# WHAT NEEDS TO BE DONE:
Restate the listing word for word; omit the images.

# COLLECTED MATERIAL:
* * * * * * *
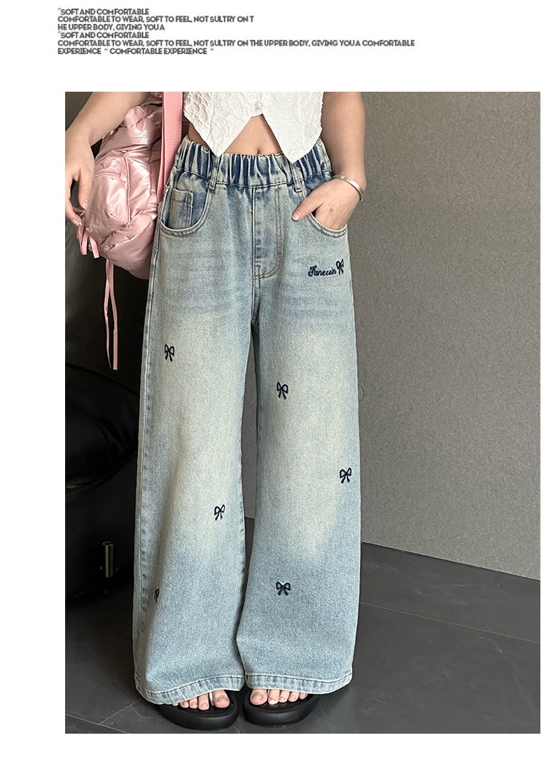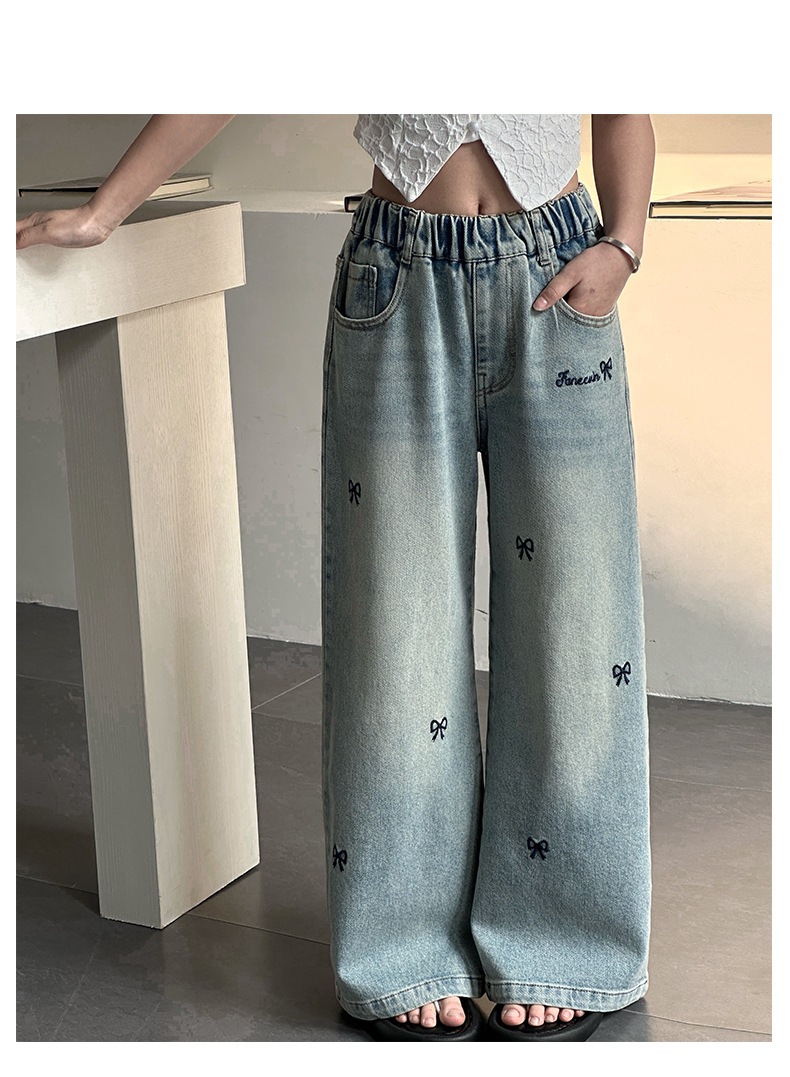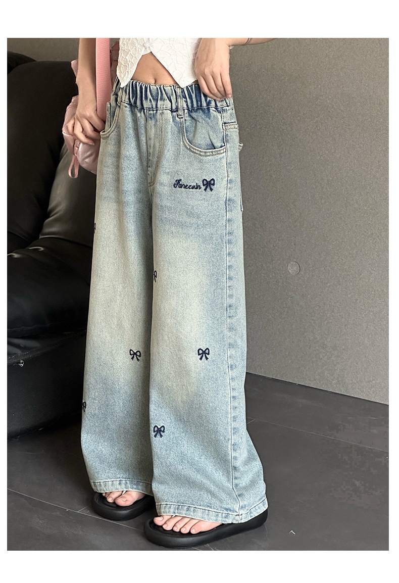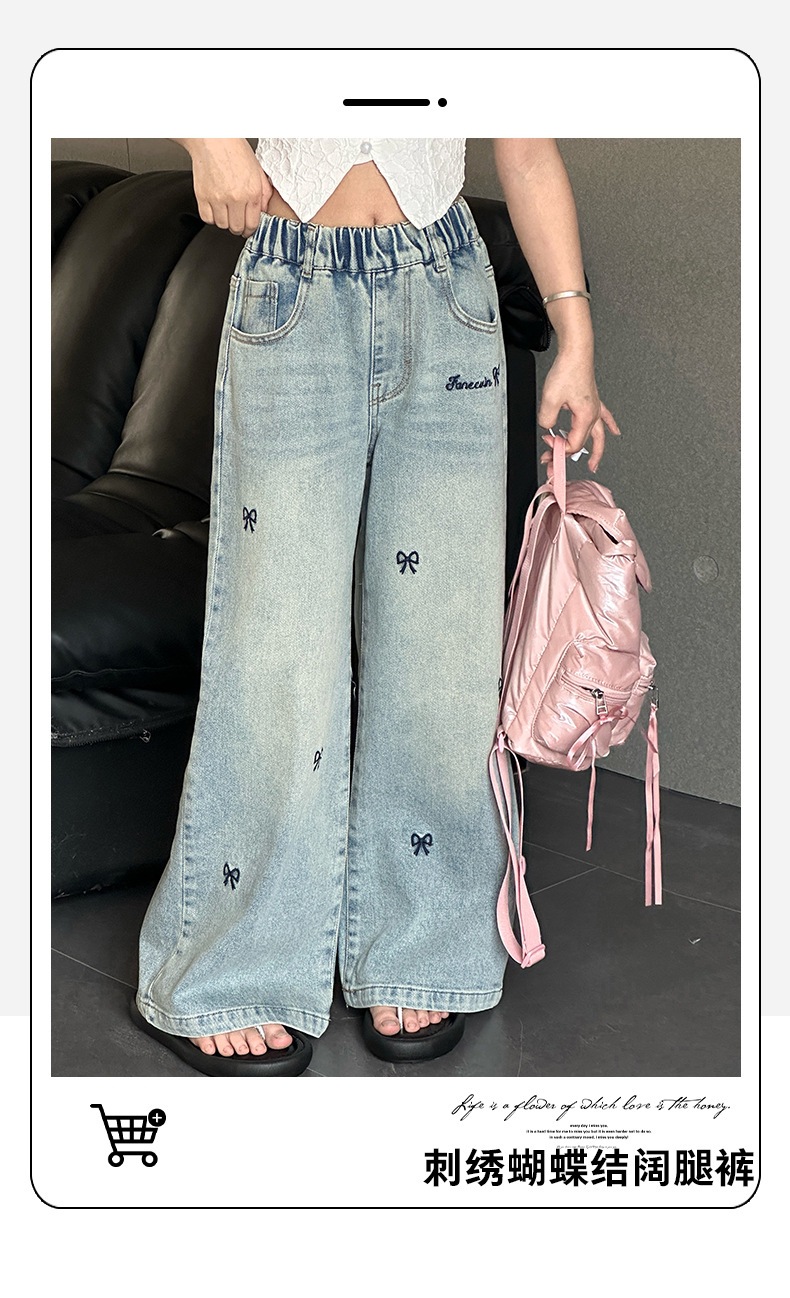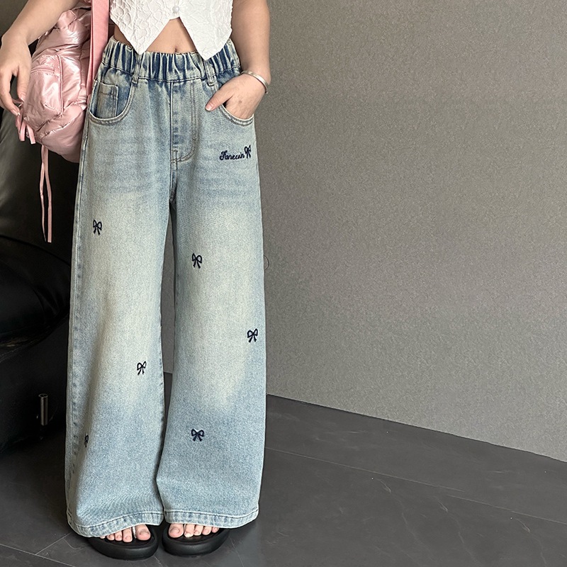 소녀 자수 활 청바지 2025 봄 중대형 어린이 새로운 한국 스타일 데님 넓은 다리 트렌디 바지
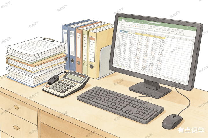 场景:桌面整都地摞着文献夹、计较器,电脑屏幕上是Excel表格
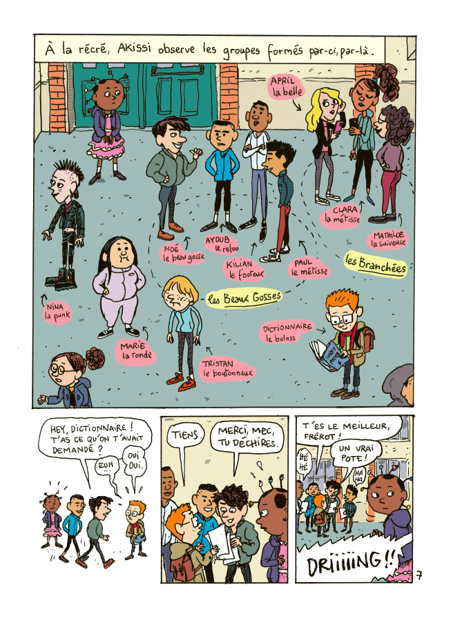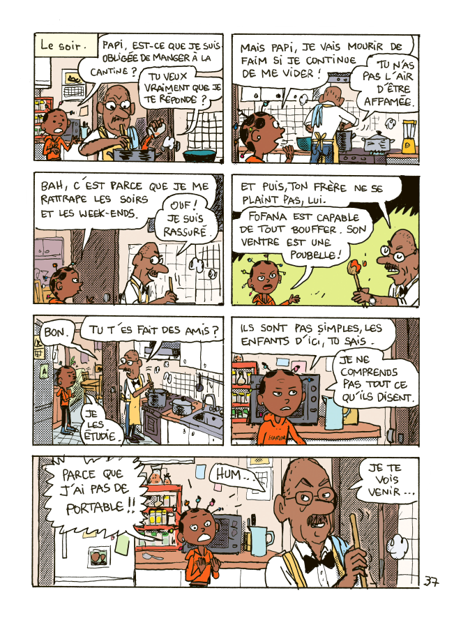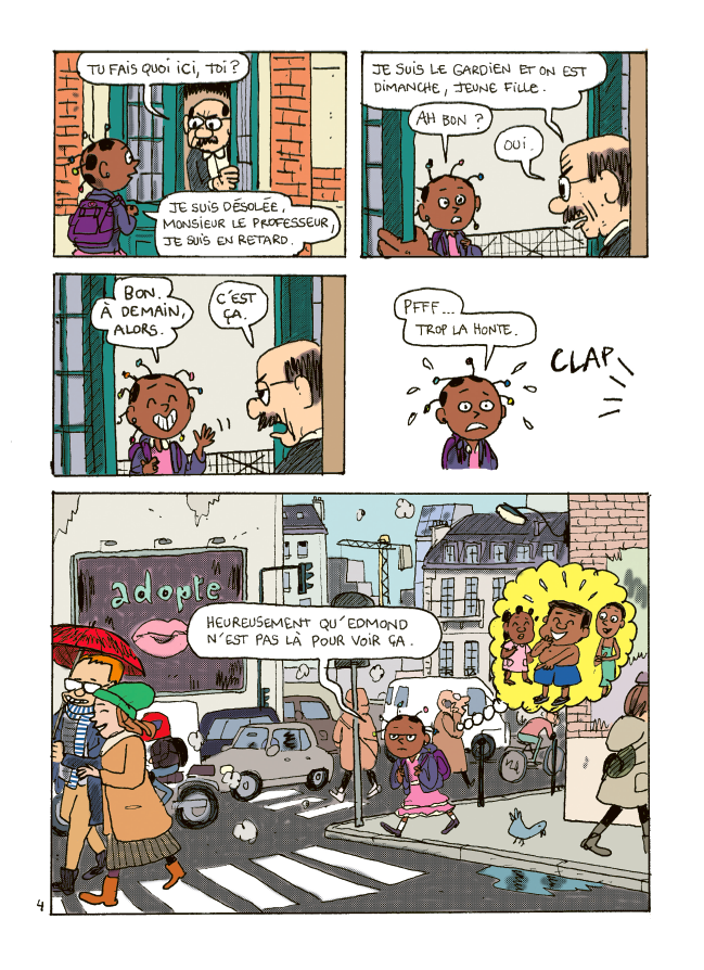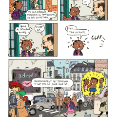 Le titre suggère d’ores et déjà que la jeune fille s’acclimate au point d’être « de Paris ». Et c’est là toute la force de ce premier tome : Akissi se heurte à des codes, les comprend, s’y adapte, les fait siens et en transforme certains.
* * * * * * *
# SOLUTION TO THE PROBLEM:
 소녀 자수 활 청바지 2025 봄 중대형 어린이 새로운 한국 스타일 데님 넓은 다리 트렌디 바지
 场景:桌面整都地摞着文献夹、计较器,电脑屏幕上是Excel表格
 Le titre suggère d’ores et déjà que la jeune fille s’acclimate au point d’être « de Paris ». Et c’est là toute la force de ce premier tome : Akissi se heurte à des codes, les comprend, s’y adapte, les fait siens et en transforme certains.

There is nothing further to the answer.